### Data supplied
----------
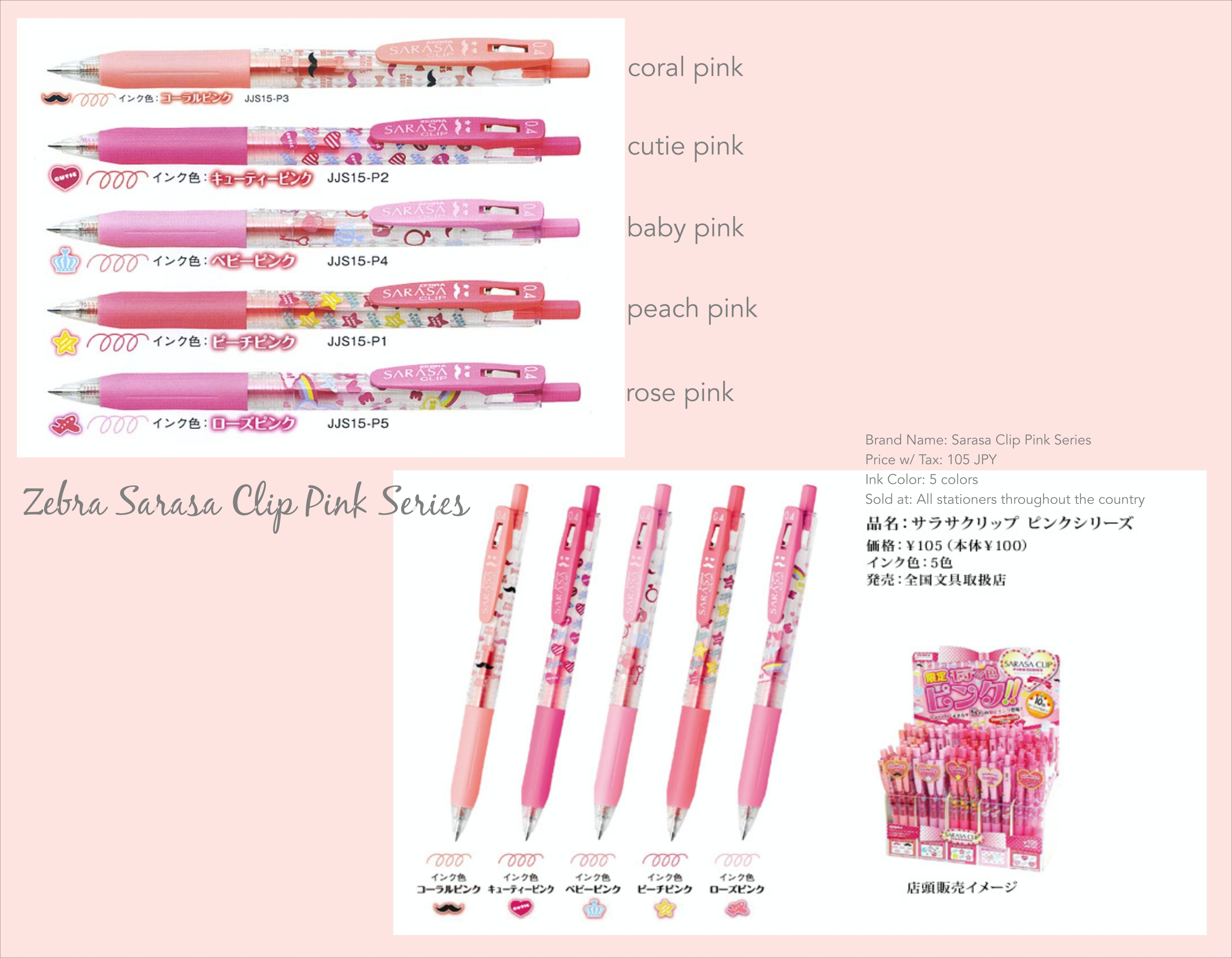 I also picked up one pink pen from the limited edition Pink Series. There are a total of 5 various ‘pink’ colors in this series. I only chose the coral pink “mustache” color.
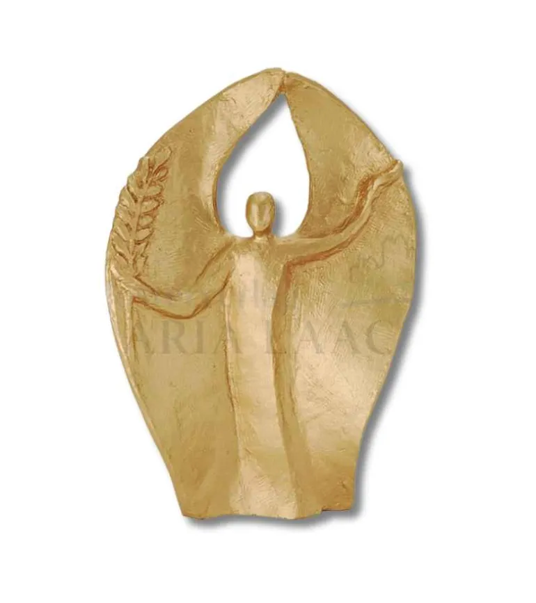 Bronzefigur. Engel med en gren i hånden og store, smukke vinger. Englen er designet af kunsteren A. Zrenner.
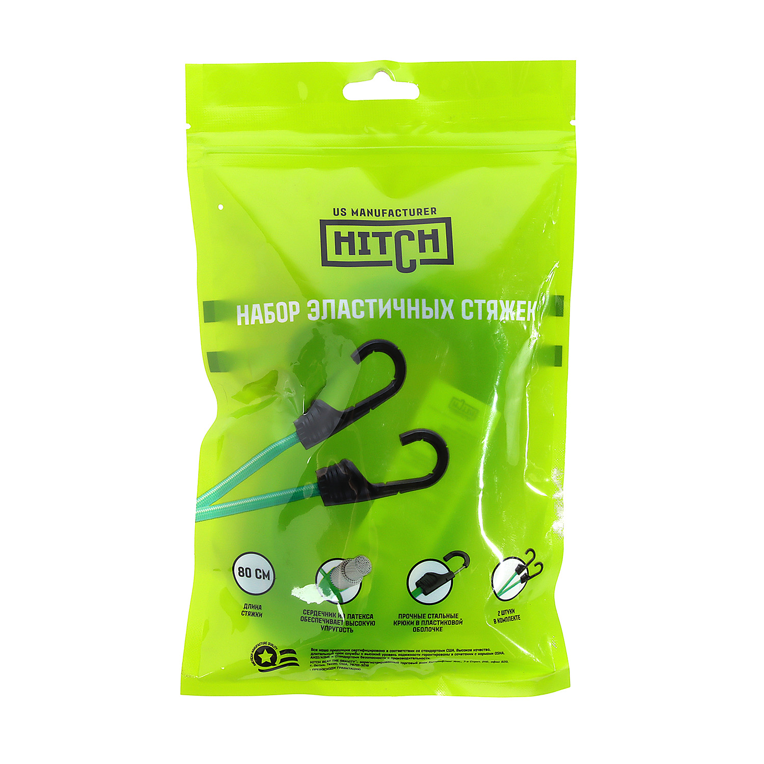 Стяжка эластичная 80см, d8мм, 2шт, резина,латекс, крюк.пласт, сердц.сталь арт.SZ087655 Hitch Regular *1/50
----------
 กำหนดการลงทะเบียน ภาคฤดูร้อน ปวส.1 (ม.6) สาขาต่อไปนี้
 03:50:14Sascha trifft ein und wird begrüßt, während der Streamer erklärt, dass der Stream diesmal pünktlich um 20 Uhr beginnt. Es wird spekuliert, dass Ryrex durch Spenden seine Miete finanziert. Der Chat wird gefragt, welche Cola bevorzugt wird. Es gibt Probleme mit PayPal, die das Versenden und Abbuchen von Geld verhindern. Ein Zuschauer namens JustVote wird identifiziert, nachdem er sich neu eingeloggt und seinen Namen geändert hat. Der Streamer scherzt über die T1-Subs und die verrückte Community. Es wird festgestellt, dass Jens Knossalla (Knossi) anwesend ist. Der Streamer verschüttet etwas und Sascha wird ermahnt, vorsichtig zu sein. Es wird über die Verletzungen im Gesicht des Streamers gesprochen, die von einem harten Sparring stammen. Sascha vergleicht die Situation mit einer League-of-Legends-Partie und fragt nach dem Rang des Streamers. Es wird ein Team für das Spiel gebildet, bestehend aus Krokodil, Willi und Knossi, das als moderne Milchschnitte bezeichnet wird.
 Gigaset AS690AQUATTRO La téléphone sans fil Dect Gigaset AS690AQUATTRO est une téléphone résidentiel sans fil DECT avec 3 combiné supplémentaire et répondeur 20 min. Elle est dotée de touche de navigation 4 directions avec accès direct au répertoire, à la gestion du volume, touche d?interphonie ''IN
----------
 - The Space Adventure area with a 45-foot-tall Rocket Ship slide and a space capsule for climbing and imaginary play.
----------
### Exercise
Each line above from the one containing "I also picked" through the one containing "Hitch Regular *1/50" is to be returned verbatim. Nothing else, and no pictures.

### The completed task
 I also picked up one pink pen from the limited edition Pink Series. There are a total of 5 various ‘pink’ colors in this series. I only chose the coral pink “mustache” color.
 Bronzefigur. Engel med en gren i hånden og store, smukke vinger. Englen er designet af kunsteren A. Zrenner.
 Стяжка эластичная 80см, d8мм, 2шт, резина,латекс, крюк.пласт, сердц.сталь арт.SZ087655 Hitch Regular *1/50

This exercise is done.